Important Dates
January 3, 2025: Submissions open (see Call for Papers)February 3, 2025: Submission deadline
March 5, 2025: Decisions released
April 27 or 28, 2025 (TBD): MLDPR 2025 takes place at ICLR in Singapore
Submission Portal
About MLDPR
Datasets are a central pillar of machine learning (ML) research—from pretraining to evaluation and benchmarking. However, a growing body of work highlights serious issues throughout the ML data ecosystem, including the under-valuing of data work, ethical issues in datasets that go undiscovered, a lack of standardized dataset deprecation procedures, the (mis)use of datasets out-of-context, an overemphasis on single metrics rather than holistic model evaluation, and the overuse of the same few benchmark datasets. Thus, developing guidelines, goals, and standards for data practices is critical; beyond this, many researchers have pointed to a need for a more fundamental culture shift surrounding data and benchmarking in ML.

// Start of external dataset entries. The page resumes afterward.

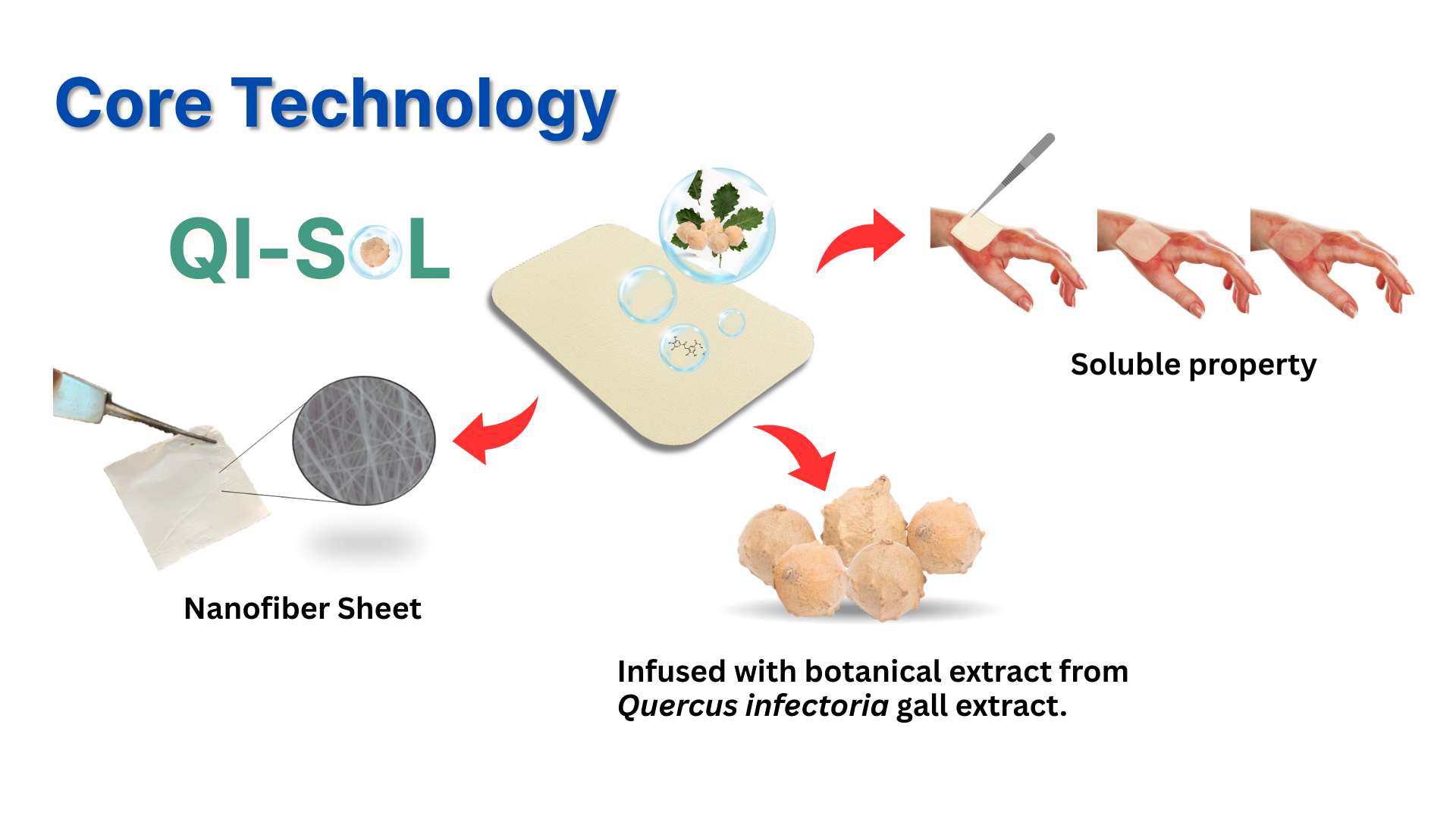 QiSol is an innovative wound-care product designed for simple, safe, and convenient management of chronic wounds. It integrates a water-soluble drug-delivery film with natural antibacterial and wound-repairing properties from Quercus infectoria gall extract. Developed under the “Easy-to-Use” concept— just apply, dissolve, and act—QiSol is eco-friendly and ideal for daily use.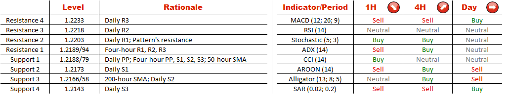 At the moment, EUR/CHF is sitting at the 50-hour SMA at 1.2184 that acts as a strong support level preventing a further drop to 1.2181/73 (four-hour S2, S3; daily S1), below which the pair may only seek support at 1.2166/43 (200-hour SMA; daily S2, S3).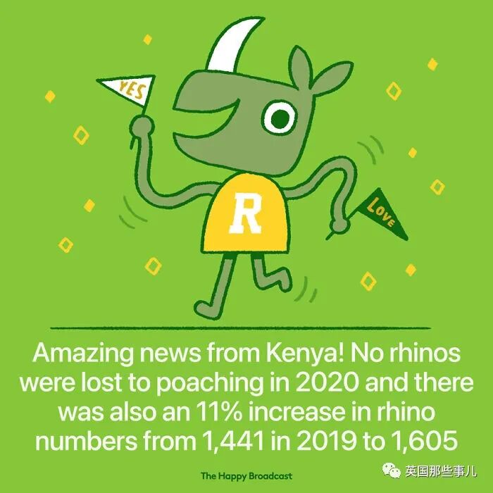 肯尼亚传来的好消息!2020年没有犀牛死于非法狩猎。犀牛的数量从2019年的1441头,增加到1605头,增加了11%。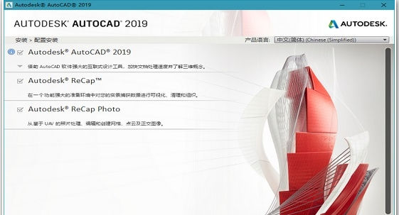 4、默认只安装autocad 2019,autodesk design review 2019可以根据自身的需要选择安装;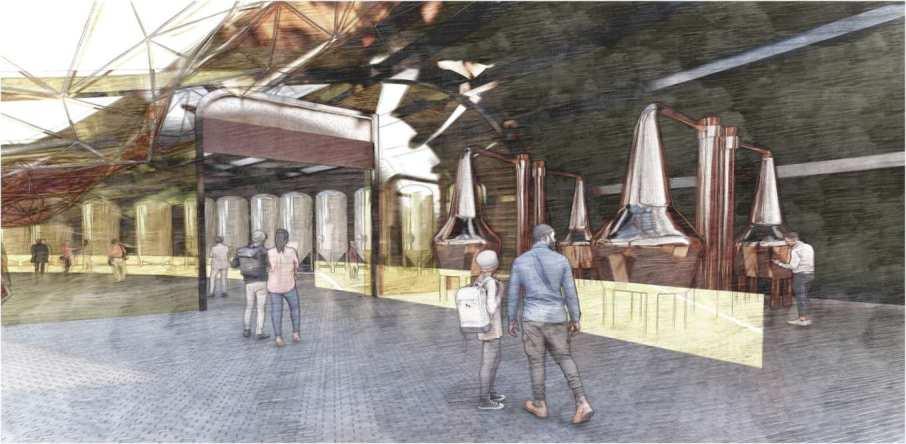 The project aims to design a distillery for The Spirit of Manchester that produces, stores, and showcases both novel and traditional whiskies. The facility must accommodate 200 additional barrels and reflect the client’s passion for innovation in whisky making. It should also provide an immersive visitor experience, allowing them to learn about the whisky-making process and enjoy tasting in a complementary atmosphere.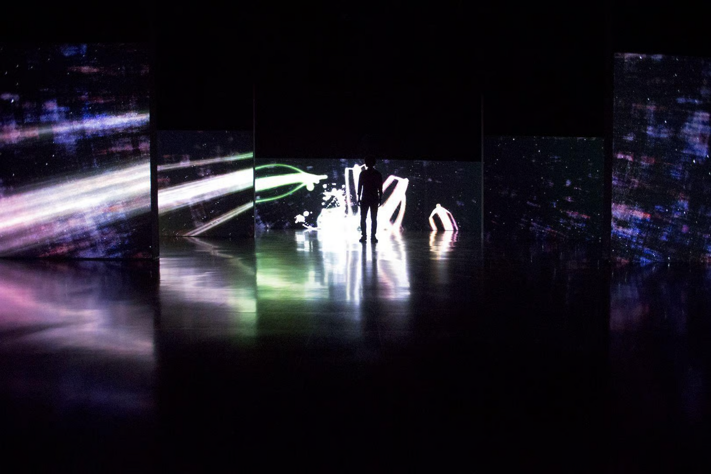 TeamLab, фотодокументация инсталляции «Crows are Chased and the Chasing Crows are Destined to be Chased as well, Transcending Sрасе», 2017.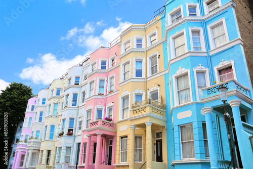 © Jenifoto, Naklejka premium Colorful pastel houses of Notting Hill, London, England
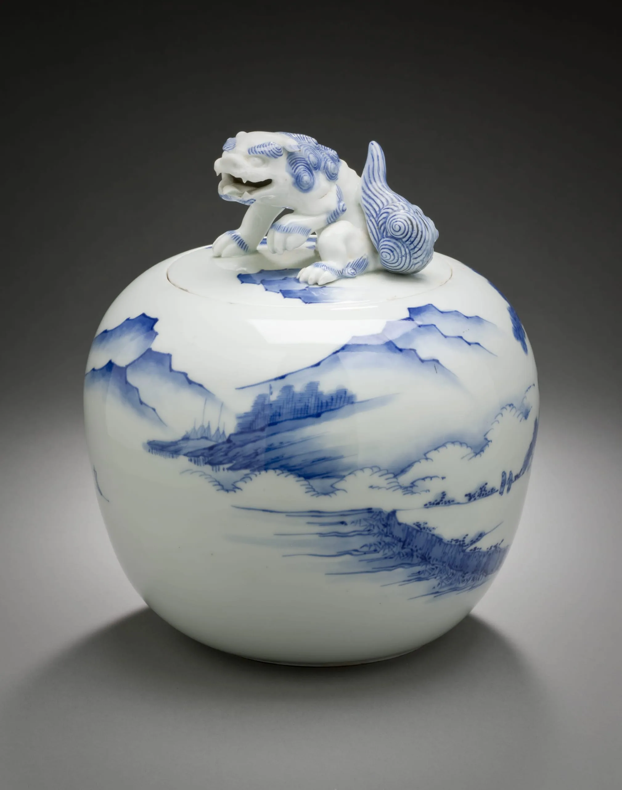 - Tea Ceremony Water Jar (Mizusashi) with Landscape; Chinese Lion Knop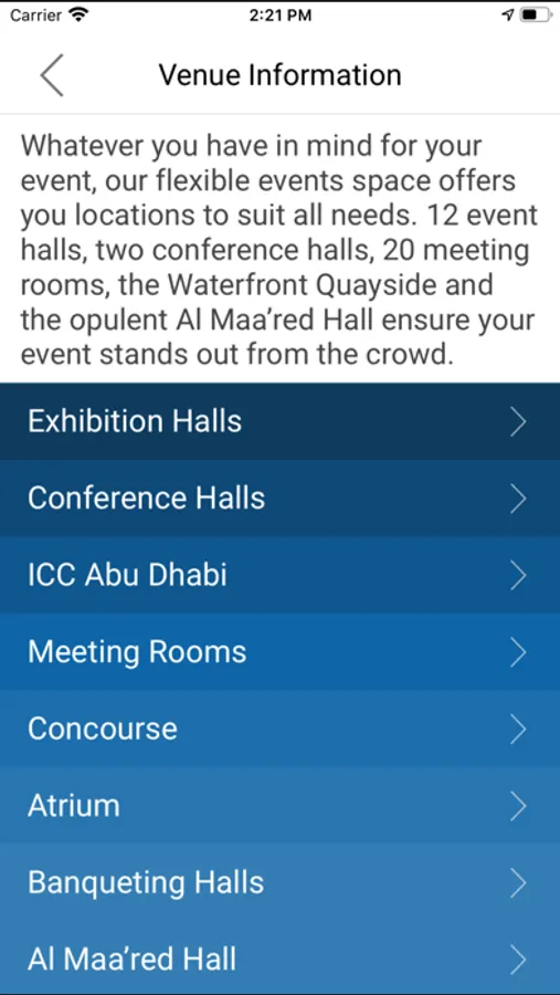 What’s On - Users can view all of the upcoming events at ADNEC; they can view By Date or By Category, or search for a specific word. It offers the user the ability to add the event date to the iPhone calendar with a reminder notification.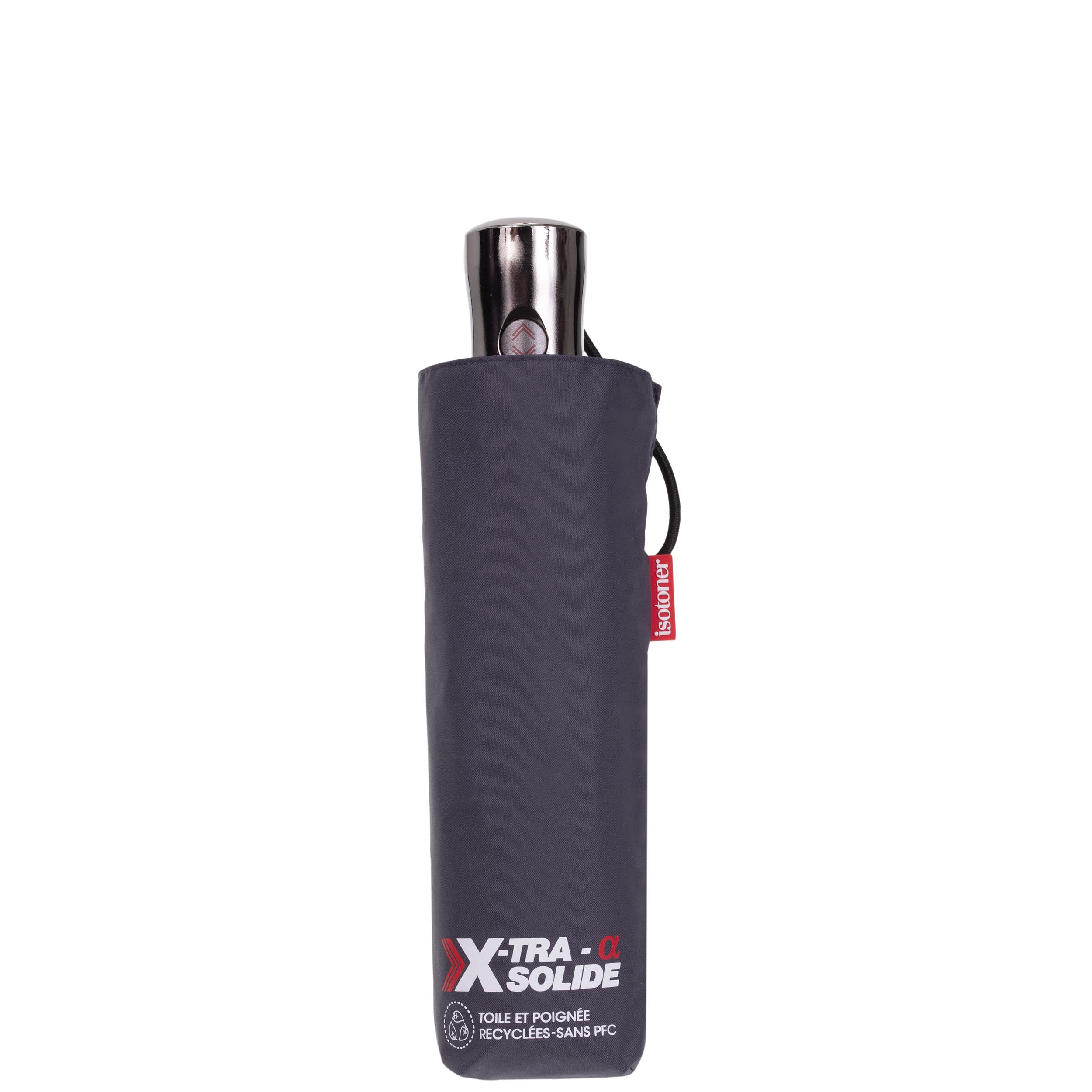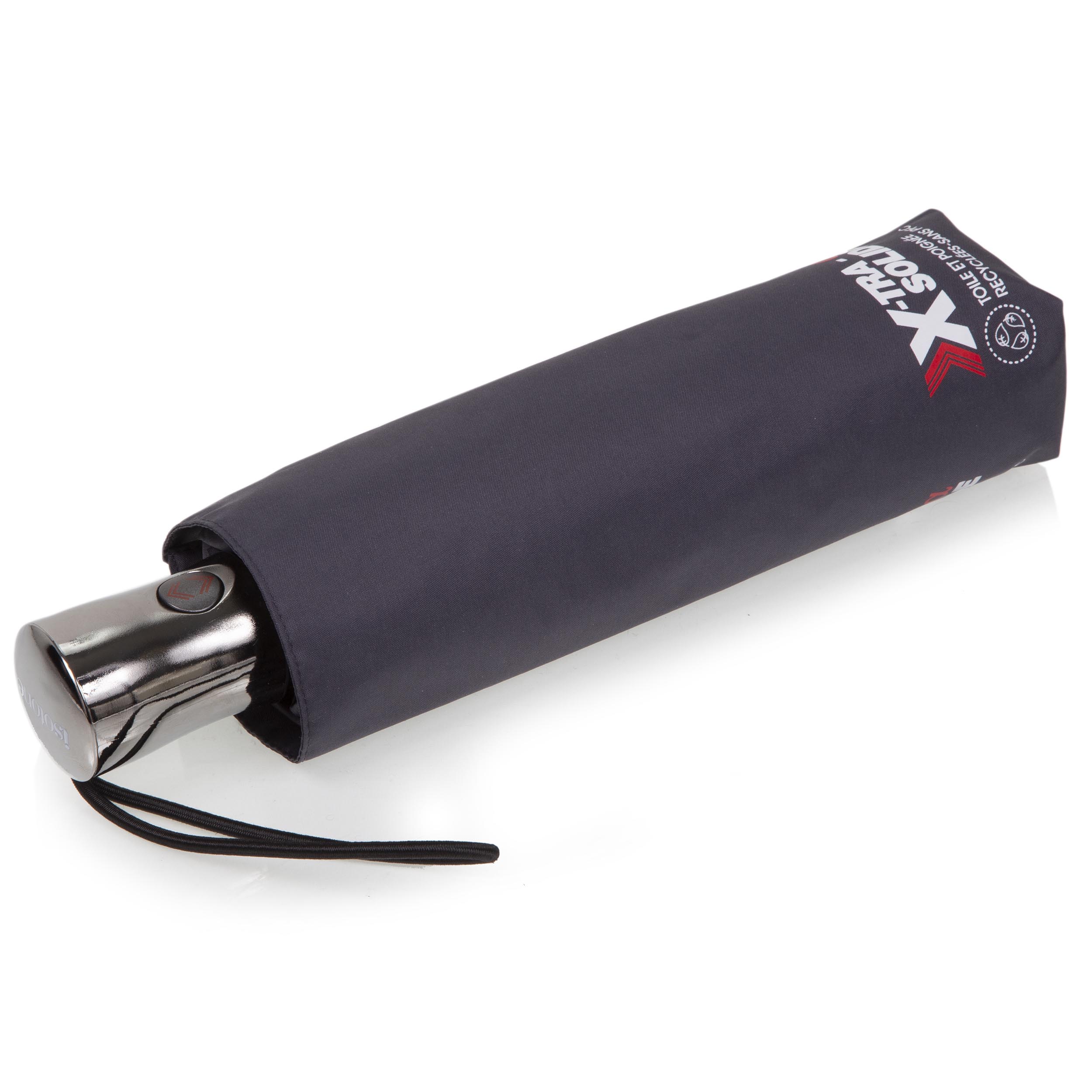 NOUVELLE FORME : découvrez notre nouvelle ligne de parapluie X-TRA SOLIDE ALPHA. Ce parapluie, tendance avec sa nouvelle forme de couverture à bords ondulés grise, dispose d'une ouverture et fermeture automatique : en appuyant sur le bouton présent sur le manche, ouvrez votre parapluie automatiquement. En réappuyant sur le bouton, la couverture se refermera sur le mât. Ce parapluie utilise la technologie X-TRA SEC, ULTRA DEPERLANT. Un traitement invisible révolutionnaire qui permet à l'eau de glisser pour que les parapluies restent ultra secs ! X-TRA SOLIDE, une innovation technologique à l'épreuve du vent ! Véritable prouesse technique, ces parapluies sont ultra-résistants et anti retournements grâce à leur structure en aluminium renforcé et fibre de verre. Isotoner s’engage pour demain, tous nos parapluies en toile utilisent un traitement de déperlance sans PFC (perfluorocarbures). Ce parapluie mesure 28 cm plié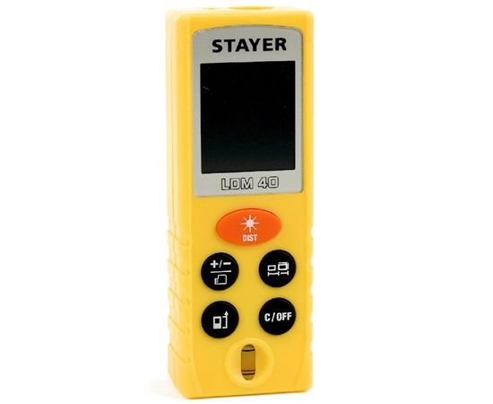 Дальномер лазерный, Stayer LDM-40 34956, 5 функций – это высокоточный прибор для быстрого и простого измерения линейных расстояний, площадей и объемов. Позволяет проводить весь цикл измерений одному человеку, значительно ускоряя выполнение разметочных работ и повышая точность полученных данных. Дальность измерения 40 метров.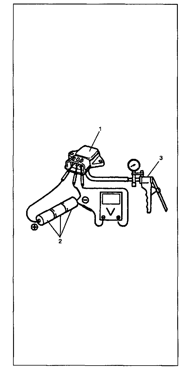 2. Arrange 3 new 1.5 V batteries (2) in series and connect its positive terminal to "Vin" terminal of MAP sensor (1) and negative terminal to "Ground" terminal. Then check voltage between "Vout' and "Ground".

This workshop aims to facilitate a broad conversation about the impact of ML datasets on research, practice, and education—working to identify current issues, propose new techniques, and establish best practices throughout the ML dataset lifecycle. In particular, we highlight the role of data repositories in ML—administrators of these repositories, including OpenML, HuggingFace Datasets, and the UCI ML Repository, will contribute their perspective on how ML datasets are created, documented, and used and discuss the practical challenges of implementing and enforcing best practices on their platforms. By involving representatives from three major ML repositories and influential researchers from ML, law, governance, and the social sciences, our intent is that this workshop can serve as a catalyst for real positive changes to the ML data ecosystem.